Saturday, February 09, 2013

My Mom passed away last weekend

It was after a long decline, and a release as she had lost her grasp on reality.  But now I want to remember her as she was before, when she was the centre of my world as a baby, then the peacemaker between and comforter to four kids and all our pets.  I don't remember her complaining about all the hassle of running a home that was always open to friends, adapting to new towns, people and places following Dad's  career. She took it all in stride.
I'm thinking about what to say at the Memorial Service, after my uncle who will be an eloquent speaker, about her integrity, good works and religious life.

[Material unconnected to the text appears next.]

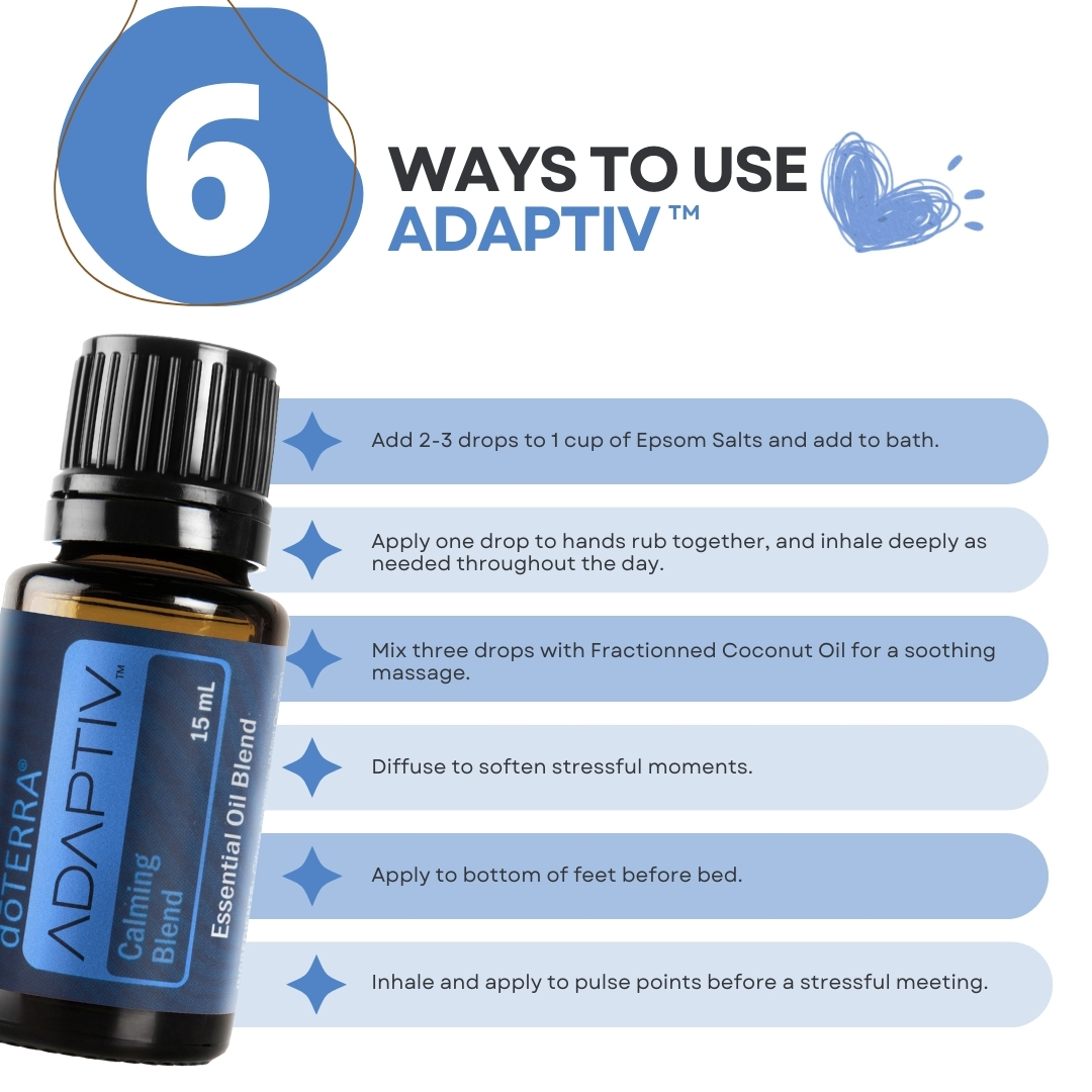 Adaptiv is basically your “take-a-deep-breath” oil in a bottle. It’s a calming blend that helps your mind and body shift out of stress mode and back into “I’ve got this” mode. I love using it on days when life feels a little louder than usual—it’s gentle, supportive, and smells like a peaceful vacation. A few easy, everyday ways to use it: Diffuse it when the house feels chaotic or you need a calming reset Roll or rub it on your wrists/neck before a busy day or stressful moment Put a drop in your palms, breathe in, and exhale slowly when your brain feels overloaded Add it to Epsom salts for a relaxing evening bath Pair it with Adaptiv Softgels for extra emotional support on high-stress days Adaptiv makes it simple to create little moments of calm—right in the middle of real life. Let me know if you want more ideas!

I'm Toni, the oldest, chief troublemaker (but not the only one!) and as kids do, I mostly I took her love, interest in me and support for granted.  It was only when I became a mother myself - and of only two little monsters, that I realised that what I had come to expect Mothers did was actually very difficult to do.  The mob of kids that descended on our house, trips to the emergency room, treaties negotiated between warring siblings, while entertaining Dad's business guests.  The weekend trips from Chicago to Michigan (8 hrs each way!) with extra kids and dogs, packing all the food and gear...

I count 12 different houses that we lived in, so many school and sports events.  She told me once that she felt bad after she'd left her post after dropping her pencil in the snow when the sun went behind the mountain when she was on gatekeeper duty while we were ski racing in Breckenridge. (And I thought a little rain while watching Nick play rugby made me a hero).

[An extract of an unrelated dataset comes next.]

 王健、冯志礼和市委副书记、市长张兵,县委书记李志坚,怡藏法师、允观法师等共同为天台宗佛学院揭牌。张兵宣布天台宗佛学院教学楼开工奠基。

But its her foibles that I recognise most in myself.  She rear-ended a car while teaching me how to blow bubbles in chewing gum... (yep, I've had less of an excuse to run into a car).

And when she was my age she used to read what we called "lady and the castle books", you know the picture on the cover, gothic suspense fiction like Mary Stewart, Victoria Holt - where the virtuous governess had to work out the mystery for herself, using her intelligence and bravery. (OK the escapism I read now has a few vampires and werewolves, but Mom introduced me to fantasy).

Sometimes she messed up our names, calling me Linnie or Missi and then looking exasperated - struggling to bring the right name to mind.  I suspect you'll hear me call my son Nick - Miller, or Miller -Nick today.

Most of all, we knew she was always there for us kids and grandkids. Mom had an incredibly positive mental outlook and if there is anything I want to emulate it was her ability to make the best of what she had, welcome change and to truly be happy.




2 comments:

Anonymous said...

Dearest Toni - I am so so sorry about your loss. Your mother sounds like a wonderful person, inspiring and capable, enormously supportive and fun. It's funny how we don't really appreciate our parents till we become parents ourselves - only then do we realise what a hard row to hoe it is. Your love and admiration is so clear from what you wrote - I think you will do a great job speaking about her.

pathfinder said...

So sorry for your loss, but the good memories will last for ever and one can only hope to measure up with good memories for our own children.